Fresh Start, look at this post for some answers to your questions, as rhetorical as they may be :rolleyes:

The rationale behind the LRT conversion has nothing to do with cost (that's a secondary benefit) and everything to do with capacity in the core. Stand on the Transitway during rush hour and you'll see bunching like you can't even imagine in a Toronto nightmare. The LRT conversion is their version of building the DRL. They aren't building it because it's fashionable. They are building it because they need the capacity. The same can't necessarily be said about transit developments in Toronto. If cared about necessity, the DRL would come before any Transit City line.
Yet Ottawa did it's BRT a little differently than Curitiba (the two biggest BRT success stories.)

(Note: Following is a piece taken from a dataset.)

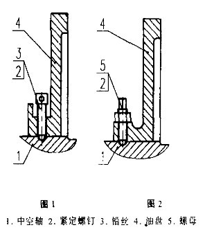 不少的企業(yè)也采取力所能及的放松措施,如緊定螺釘頭部鉆Φ3-5mm的小孔,擰緊緊定螺釘后用適當(dāng)?shù)你U絲環(huán)繞中空軸將三個(gè)緊定螺釘穿在一起,但是,由于受安裝位置限制,穿鉛絲相當(dāng)困難,且由于油盤(pán)上的緊定螺孔離油盤(pán)盤(pán)體較進(jìn),安裝的時(shí)配鉆中空軸上的止退孔相當(dāng)不易(一般要特質(zhì)的長(zhǎng)柄鉆方能解決問(wèn)題)。

What Curitiba has is a network of medium-capacity, 25 km/h BRTs all over the city. Honestly, they're everywhere. And through the core, they don't merge together into one mega-BRT. They all remain separate on their own routes.
Ottawa uses it's transitway much more like a real RT, like a subway, and all of it's routes end up piling onto one line during rush hour, moving at real RT-like speeds. This is really comparable to how the YUS gets it's 600k ppd ridership.

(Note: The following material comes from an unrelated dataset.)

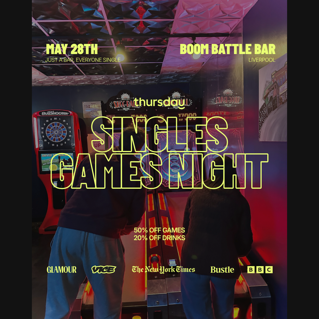 HELLO Liverpool ❤️🔥 It's Thursday. The UK's biggest in-person dating night is taking over Boom Battle Bar and we want YOU there.

So there's a radically big difference between the two. In Ottawa's case, there was inevitably going to be a time when the system had to be upgraded due to the massive congestion in the core. In that sense, it'd be directly comparable to Toronto's DRL needs. But in Curitiba's case, the system is ripe to be expanded even further, just requiring another BRT trunk line along one of the city's main streets, taking another route downtown. It greatly increases the capacity and reach of the system, and so they now have more RT coverage than the GTA would get if all the MO2020 projects got completed (comparatively by size.)

But Toronto's at the point of no return for a Curitiba-style BRT network. We've already built higher order transit through the core, and so a BRT would be redundant, just funneling people onto the B-D or YUS instead of whisking them downtown. Only another real RT line would be able to compete (which is why we're building the DRL.) And just Toronto's geography is working against it. Curitiba is a city of about 3.6 million which sprawl out in all directions. Toronto's 5.5 million all sprawl on one half of a circle, due to the lake being in the way. This basically doubles the average travel time, and also makes it so the system has to handle a massive stacking on of new passengers as it approaches the core. In that sense, the bigger speed and vastly bigger capacity are needed. A BRT network never would have and never will work with Toronto, so BRT's left to use in suburban transitways and as European-style LRT routes.